▶ Problem details
For this exercise, transcribe every line of the material exactly and skip the pictures.

▶ Source data
Segment Open

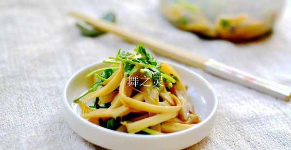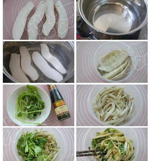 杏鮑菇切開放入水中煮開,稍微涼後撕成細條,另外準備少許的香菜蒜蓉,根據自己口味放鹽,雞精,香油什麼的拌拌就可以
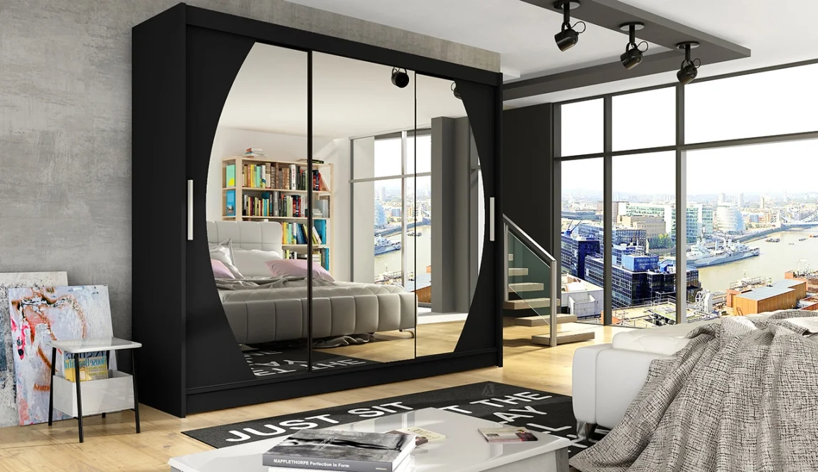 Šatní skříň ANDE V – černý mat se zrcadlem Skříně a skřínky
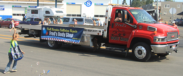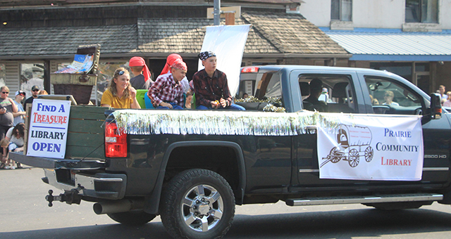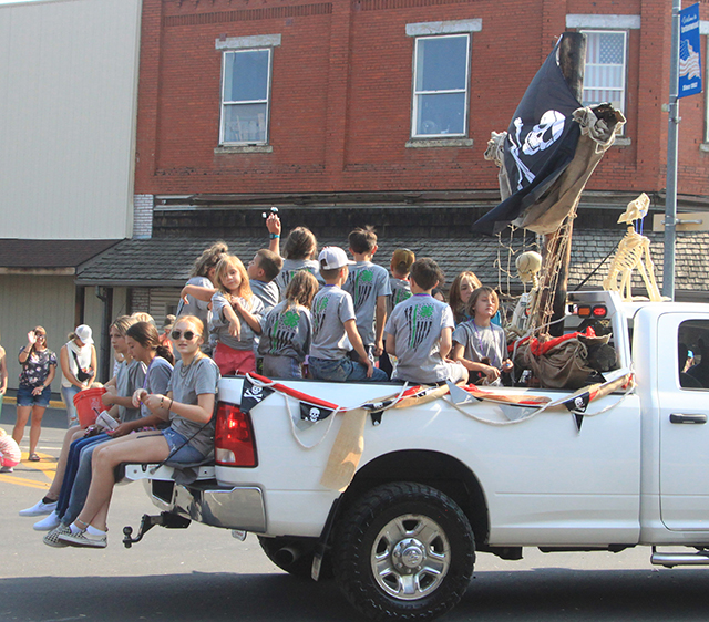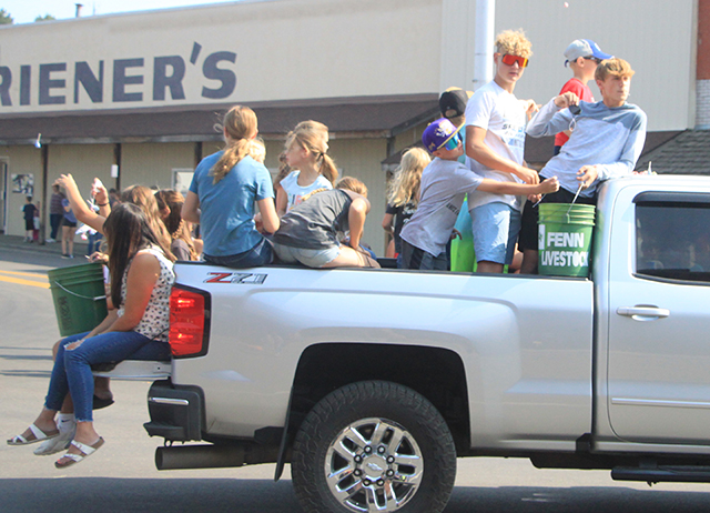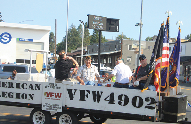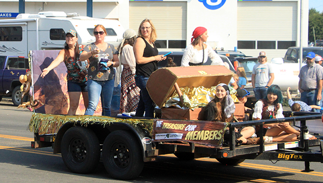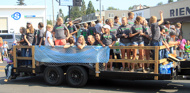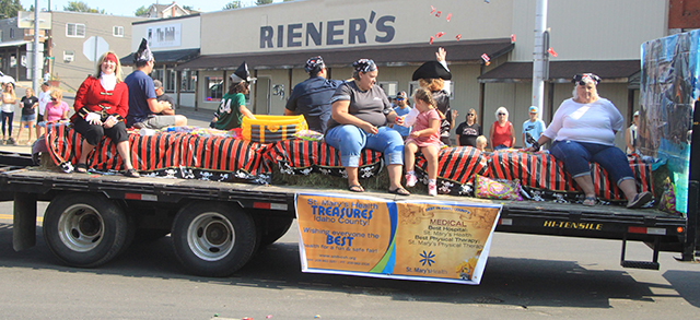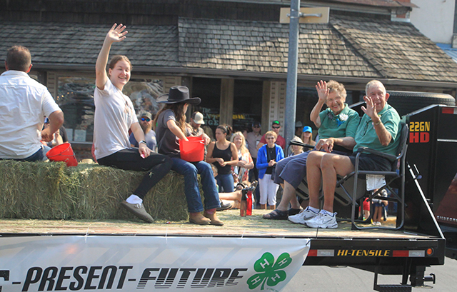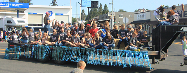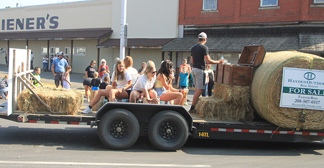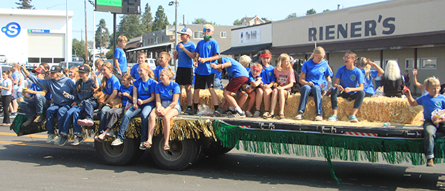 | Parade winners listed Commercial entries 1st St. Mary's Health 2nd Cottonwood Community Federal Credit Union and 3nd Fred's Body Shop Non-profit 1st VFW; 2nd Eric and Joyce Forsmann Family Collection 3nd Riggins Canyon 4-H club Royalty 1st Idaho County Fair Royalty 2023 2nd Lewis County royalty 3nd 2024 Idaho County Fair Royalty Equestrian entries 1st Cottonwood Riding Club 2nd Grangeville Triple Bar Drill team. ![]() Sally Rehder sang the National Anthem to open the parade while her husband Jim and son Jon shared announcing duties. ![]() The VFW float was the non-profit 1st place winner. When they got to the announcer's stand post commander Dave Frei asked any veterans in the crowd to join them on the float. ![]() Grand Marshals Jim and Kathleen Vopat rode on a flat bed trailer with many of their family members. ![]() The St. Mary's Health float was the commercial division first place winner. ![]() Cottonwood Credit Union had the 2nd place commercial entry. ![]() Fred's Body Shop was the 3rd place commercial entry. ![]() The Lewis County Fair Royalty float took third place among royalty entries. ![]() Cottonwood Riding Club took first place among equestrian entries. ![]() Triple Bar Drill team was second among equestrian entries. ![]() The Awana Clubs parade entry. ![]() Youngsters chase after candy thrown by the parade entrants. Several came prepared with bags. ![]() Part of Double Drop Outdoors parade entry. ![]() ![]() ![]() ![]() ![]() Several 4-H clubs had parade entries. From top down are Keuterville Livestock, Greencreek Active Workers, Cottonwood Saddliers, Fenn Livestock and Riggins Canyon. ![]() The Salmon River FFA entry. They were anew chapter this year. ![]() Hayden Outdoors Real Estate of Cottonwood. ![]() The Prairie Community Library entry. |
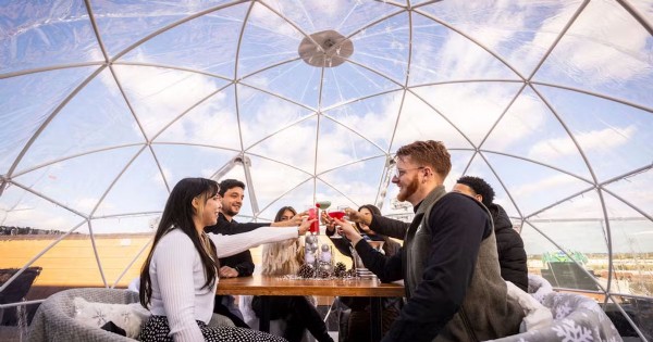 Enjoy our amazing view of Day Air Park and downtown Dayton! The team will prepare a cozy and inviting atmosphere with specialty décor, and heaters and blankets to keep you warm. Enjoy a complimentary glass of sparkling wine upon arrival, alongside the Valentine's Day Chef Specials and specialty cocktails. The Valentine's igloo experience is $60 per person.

Segment Closed

▶ Written solution
 杏鮑菇切開放入水中煮開,稍微涼後撕成細條,另外準備少許的香菜蒜蓉,根據自己口味放鹽,雞精,香油什麼的拌拌就可以
 Šatní skříň ANDE V – černý mat se zrcadlem Skříně a skřínky
 | Parade winners listed Commercial entries 1st St. Mary's Health 2nd Cottonwood Community Federal Credit Union and 3nd Fred's Body Shop Non-profit 1st VFW; 2nd Eric and Joyce Forsmann Family Collection 3nd Riggins Canyon 4-H club Royalty 1st Idaho County Fair Royalty 2023 2nd Lewis County royalty 3nd 2024 Idaho County Fair Royalty Equestrian entries 1st Cottonwood Riding Club 2nd Grangeville Triple Bar Drill team. ![]() Sally Rehder sang the National Anthem to open the parade while her husband Jim and son Jon shared announcing duties. ![]() The VFW float was the non-profit 1st place winner. When they got to the announcer's stand post commander Dave Frei asked any veterans in the crowd to join them on the float. ![]() Grand Marshals Jim and Kathleen Vopat rode on a flat bed trailer with many of their family members. ![]() The St. Mary's Health float was the commercial division first place winner. ![]() Cottonwood Credit Union had the 2nd place commercial entry. ![]() Fred's Body Shop was the 3rd place commercial entry. ![]() The Lewis County Fair Royalty float took third place among royalty entries. ![]() Cottonwood Riding Club took first place among equestrian entries. ![]() Triple Bar Drill team was second among equestrian entries. ![]() The Awana Clubs parade entry. ![]() Youngsters chase after candy thrown by the parade entrants. Several came prepared with bags. ![]() Part of Double Drop Outdoors parade entry. ![]() ![]() ![]() ![]() ![]() Several 4-H clubs had parade entries. From top down are Keuterville Livestock, Greencreek Active Workers, Cottonwood Saddliers, Fenn Livestock and Riggins Canyon. ![]() The Salmon River FFA entry. They were anew chapter this year. ![]() Hayden Outdoors Real Estate of Cottonwood. ![]() The Prairie Community Library entry. |
 Enjoy our amazing view of Day Air Park and downtown Dayton! The team will prepare a cozy and inviting atmosphere with specialty décor, and heaters and blankets to keep you warm. Enjoy a complimentary glass of sparkling wine upon arrival, alongside the Valentine's Day Chef Specials and specialty cocktails. The Valentine's igloo experience is $60 per person.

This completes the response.